Phineas Taylor Barnum was born in Bethel, Connecticut (just outside of New York City) on July 5, 1810. That date is almost exactly 16 years before John Adams and Thomas Jefferson died. Barnum hopefully enjoyed his 16th birthday despite the death of two American founding fathers the day before. Barnum may have had bigger problems that year; his father also died that year. Philo Barnum was reportedly an innkeeper, tailor, and store-keeper. Presumably, 16-year-old Phineas had to take over for the elder Philo. I’m guessing it wasn’t three large businesses like you would find today but rather, the innkeeper and his family lived at the inn, and had a small store in the lobby. It was probably a family business, and young Phineas’s mother (Irena Taylor Barnum) contributed mightily to the family business. That’s not what the Wikipedia article (currently) says; I’m extrapolating on the article, and the what I know about the 1820s.

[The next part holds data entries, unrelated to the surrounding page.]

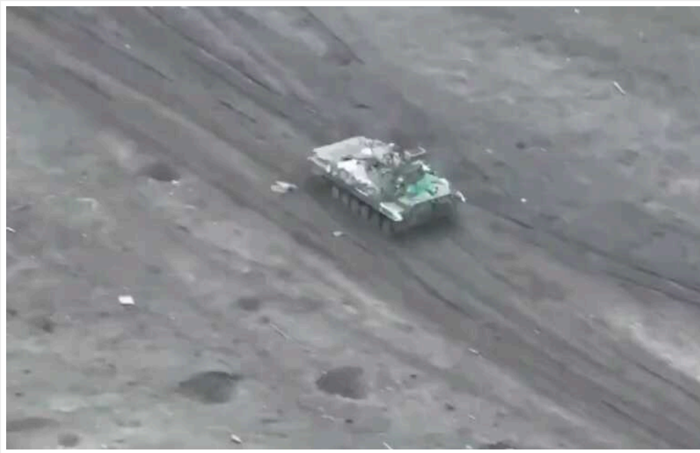
Російська БМП епічно перетворилася на пілюку

На Авдіївському напрямку вдало діють бійці 47-ї бригади, які ефектно знищили російську військову техніку. Українські військові продовжують знищувати російських окупантів та військову техніку РФ, яка опинилась на українських землях.
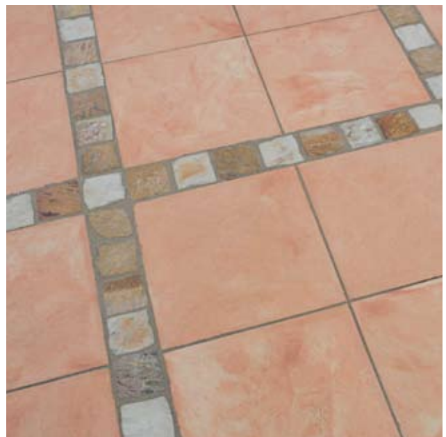
Verlegebeispiel: 60 kombiniert mit Regenbogenquarzit
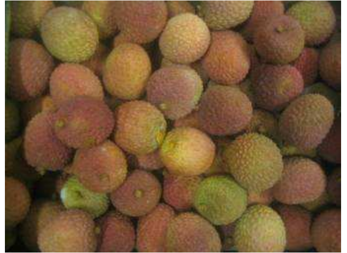
Fruits de coloration diverse. Dessiccation de la coque et développement fongique
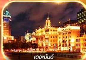
เดอะบอนด์
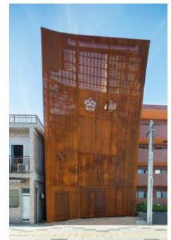
9.香林寺ファサード改修
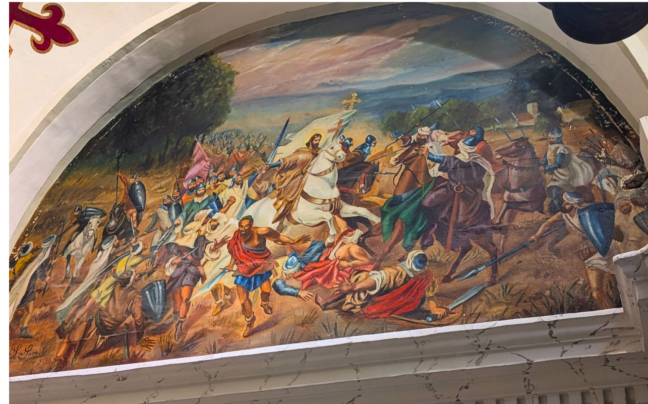
Fresco ubicado en la primera capilla-hornacina a la izquierda al entrar en el convento, junto a la imagen de Santiago

El 8 de junio de 1996, Almansa volvió a abrir las puertas a uno de sus silencios más hermosos, más asombrosos. Tras más de un año de restauración, reabría la Iglesia de Santiago Apóstol. ¿La conoces? Seguro que no, porque casi nadie la llama así. Para la vecindad es y seguirá siendo, sencillamente, «Los Franciscanos». Anécdota que refleja una lástima: todos lo conocen, pero muy pocos saben realmente lo que entraña. Fue fundado en 1563 por Fray Antonio de Llerena, alrededor de la antigua ermita de Santiago. Desde entonces, este rincón ha sobrevivido a traslados, disputas políticas, clausuras, expulsiones, guerras y abandonos. Ha sido convento austero, escuela pública, academia de música, parroquia provisional y hasta garaje de las Brigadas Internacionales durante la Guerra Civil. Pocas piedras de la comarca podrían contar una biografía semejante. A nivel artístico, el actual templo barroco (simple pero al fin y al cabo barroco), iniciado hacia 1660, conserva una sobriedad casi castellana en su fachada, pero sorprende al visitante cuando cruza el umbral. Allí aparecen frescos escondidos como regalos tardíos, rincones cubiertos de inscripciones misteriosas y unos antiquísimos azulejos que sobreviven al tiempo con más
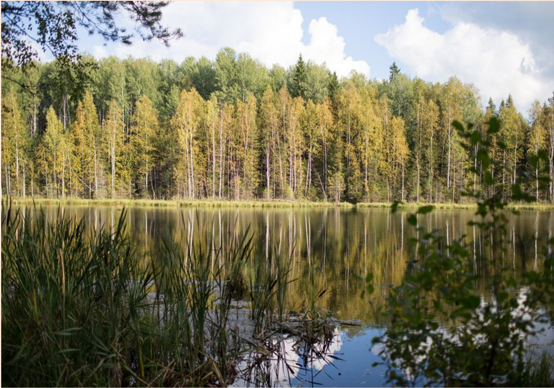
Место обитания лебедя – кликуна, занесённого в Красную книгу Удмуртии
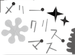
12月25日のとしよかんクラブはクリスマスカードを作ります
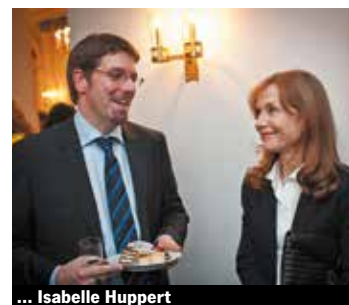
... Isabelle Huppert
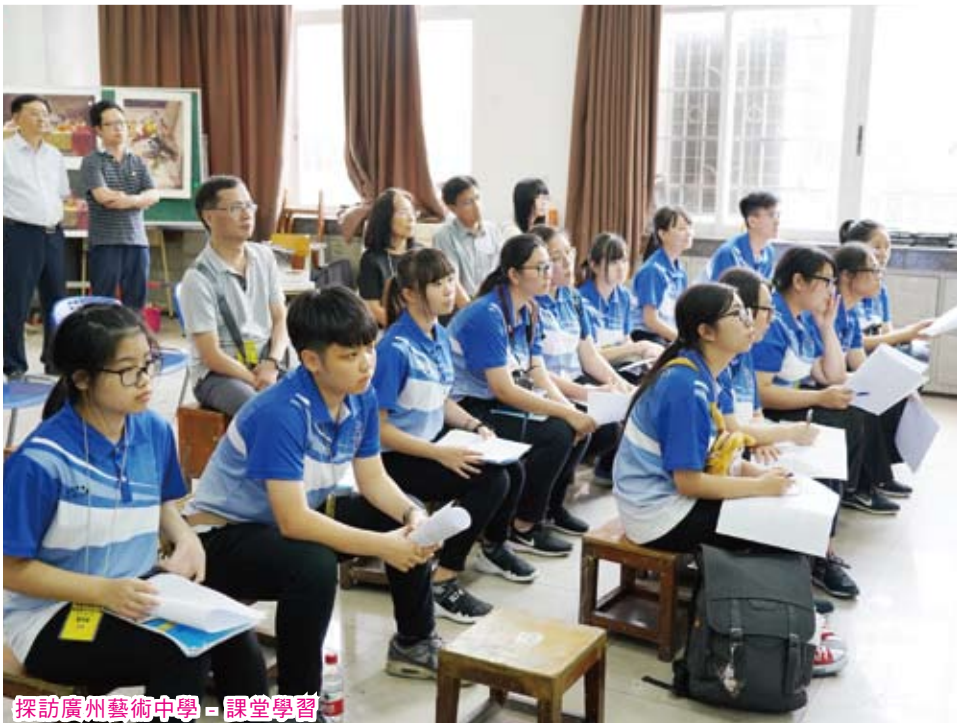
探訪廣州藝術中學 - 課堂學習
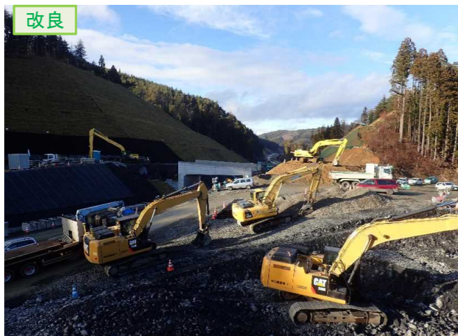
▲No.20から終点側を望む [唐桑北IC(仮)]
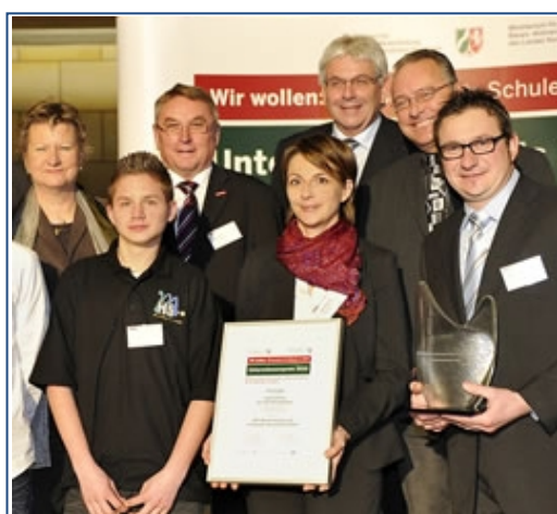
MFT erhält am 29.11.2010 den Unternehmenspreis 2010 für sein Engagement in der Zusammenarbeit mit der Hauptschule Mechernich.
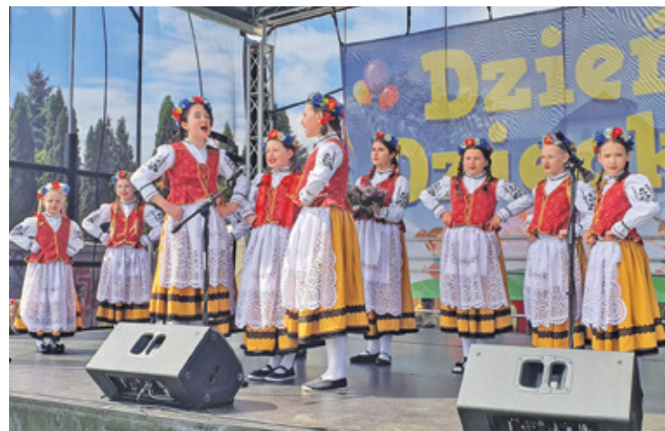
Dzieci Zespół Pieśni i Tańca działający przy CKR
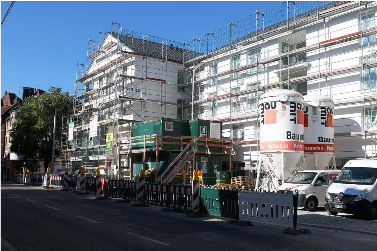
Abb. 7: Neubau- und Sanierungsmaßnahmen beeinflussen Lebensraumstrukturen an Gebäuden im Siedlungsbereich entscheidend. Hier gilt es Konflikte zu erkennen und Potenziale zu nutzen (Foto: Johannes Mayer).

Fig. 7: New construction and refurbishment activities crucially affect habitat structures of buildings in settlements. Conflicts have to be recognized and potentials should be used.
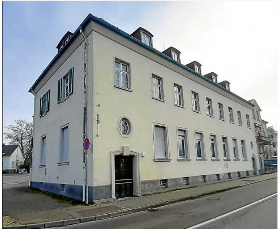
Außenansicht des ehemaligen Postgebäudes an der Bleichstraße.

„Der Umbau der ehemaligen Post hat im Vergleich zu anderen Alternativen mehrere Vorteile und ist deshalb vorrangig umzusetzen. Erstens, kann die Maßnahme umgehend in Angriff genommen werden. Die Immobilie befindet sich in kommunaler Hand, erste planerische Schritte wurden unternommen, Zuschussanträge wurden gestellt, die baurechtliche Umnutzung kann vorbereitet werden. Zweitens ist die Maßnahme vergleichsweise kostengünstig. Der Grunderwerb der Immobilie hat sich bereits durch die Erträge aus Mietzahlungen der vergangenen Jahre bezahlt gemacht. Die Kosten sind vergleichbar mit der einer Containerunterbringung, allerdings mit dem Vorteil der wesentlich höheren Unterbringungsqualität. Zudem liegt das Gebäude zentral für jede Form der Nutzung und kann nach Beendigung der Flüchtlingsunterbrin-
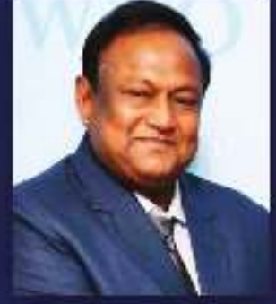
মাননীয় মন্ত্রী, বাণিজ্য মন্ত্রণালয় টিপু মুনিশ, এমপি
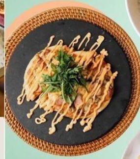
SINGLE DECKER MINI PIZZA Two sheet of crispy pizza with topping of Bacon, Sausage, Sausages, Peperoni, Mushroom, Mozarella Cheese & Cheese Sauce. IDR. 65 K
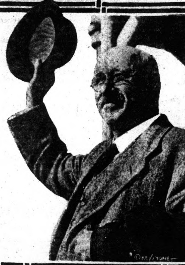
William E. (Pussyfoot) Johnson megérkezik New Yorkban.

Hónapokon keresztül állandó beszéd tárgya volt Angliában Pussyfoot Johnson a száraz apostol, aki Londonban számos elő- adást tartott a proibíció mellett. Egyik előadása után jökdé- ngol diákok megtámadták és tüntetés közben, sajátos mó- don, kiverték egyik szemét. Johnson hetekig feküdt kórházban és most visszatért Amerikába, ahol folytatni munkáját. Megér- kezésekor azt mondta, hogy Anglia tiz év múlva épp oly szá- raz lesz, mint Amerika.
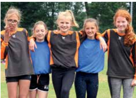
3. Platz - Eschhofschule Lemwerder
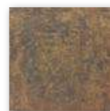
BOLONIA COTTO 20x20 (M-130) 8"x8"
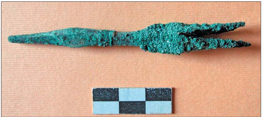
Илл. 7. Предметы из Малого некрополя II.
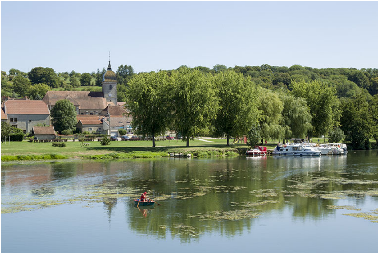
La Saône et le village de Soing.
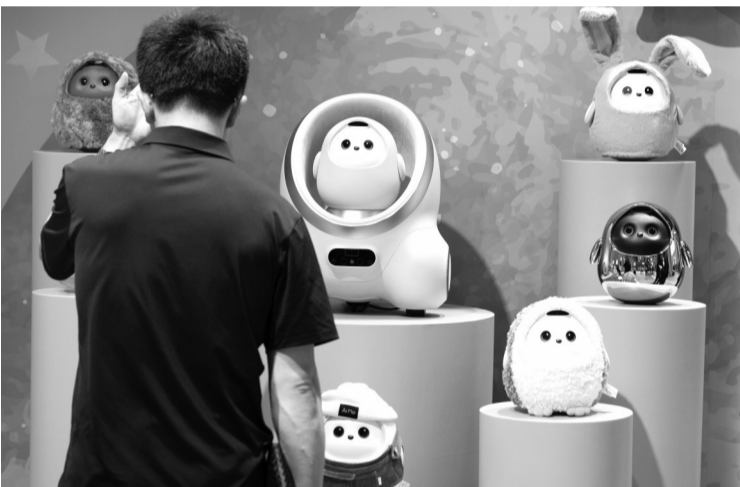
7月16日在数字科技链展区拍摄的分体式陪伴机器人。

据介绍,这款设备可完成人体浅表组织、外周血管及腹部器官等多项检查,通过一键切换探头模式
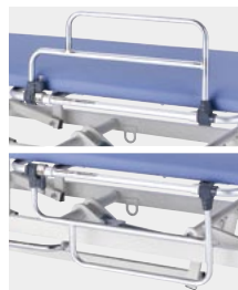
(左側用サイドレール)

オプションでサイドレールを取り付けることが可能(右用・左用あり)但し、サイドレールを取り付けると約50mm外側にずれます。
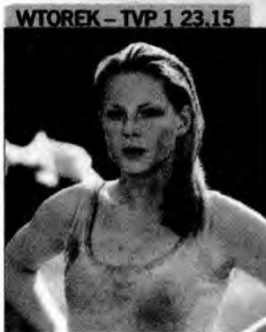
WTOREK – TVP 1 23.15 Ogień – film sensacyjny, Kanada/Rumunia/W. Brytania 2004, reż. Allan A. Goldstein.

Początkujący ratownik otrzymuje pierwsze zadanie. Musi pomóc grupie turystów, którzy podczas wycieczki rowerowej zapuścili się zbyt daleko w kalifornijskie lasy.

But let’s fast forward to a much older P.T. Barnum. The year is 1866; the North had defeated the South in the Great Civil War, which wasn’t so great. Some estimates claim that over 1 million people were killed. Then, shortly after the South had surrendered to the Republican-controlled North, the President of the United States, Abraham Lincoln, was murdered by a southern dissident. His Vice President was Andrew Johnson. Johnson was a former Tennessee senator who had ascended to the Vice Presidency just a few weeks prior. Now, instead of being a Democratic senator representing Confederate-heavy Tennessee, he was suddenly the primary occupant of the Oval Office. Johnson wasn’t as “progressive” as Lincoln was.
The good news: Abraham Lincoln’s Republican Party was dominant in electoral politics. Many Progressive Republicans were eager to make big changes in the country. The Civil Rights Act of 1866 was passed over Johnson’s veto. The 13th Amendment (banning slavery) had been quickly ratified the prior year, and 14th Amendment had been ratified by the Connecticut legislature.
During ratification of that amendment, P.T. Barnum was a Republican member of the Connecticut House of Representatives, serving the city of Fairfield. Barnum was a popular politician, who became mayor of Bridgeport, Connecticut, and helped gas lighting to the streets. He also worked on the water supply, and helped enforce sin laws (regarding alcohol and prostitution)
But Barnum, in his eventual partnership with James Anthony Bailey, took his circus all over America (and elsewhere). Barnum & Bailey circuses had all sorts of good, wholesome fun, but had seedier elements, too.
They charged people for things they never should have spent money on, and got them to spend real money. They spent real pennies, nickels, dimes, quarters, and dollar coins which were worth something back then. Back in the 1880s, those coins were made out of real copper, real nickel, real silver, and real gold. The things that Barnum was telling people? Well, at times, probably fraudulent, and illegal by today’s standards. But everyone knows that circuses are for fun! It was for eating cotton candy, and gambling away a few pennies trying to make a bullseye with a rigged BB gun. Sometimes it was possible to get a bucket of caramel-covered popcorn with peanuts in it.
I believe Trump was trying to replicate some of Barnum & Bailey’s success. I’ve gotten the sense that the circus/carnival atmosphere was what Trump was pushing for at his frequent rallies, and his whole electoral strategy was being able to take the the Trump/Tea-Party show on the road. I’m guessing (from the few videos that I’ve seen) that Trump’s campaign rallies were also intended as an opportunity to sell. I’m sure that it was possible to get a lot of Trump-branded merchandise from tents set up in the parking lots around the venue where the rally was being held. For example, I’m sure that it was possible to get Ivanka-Trump-branded jewelry and perfume.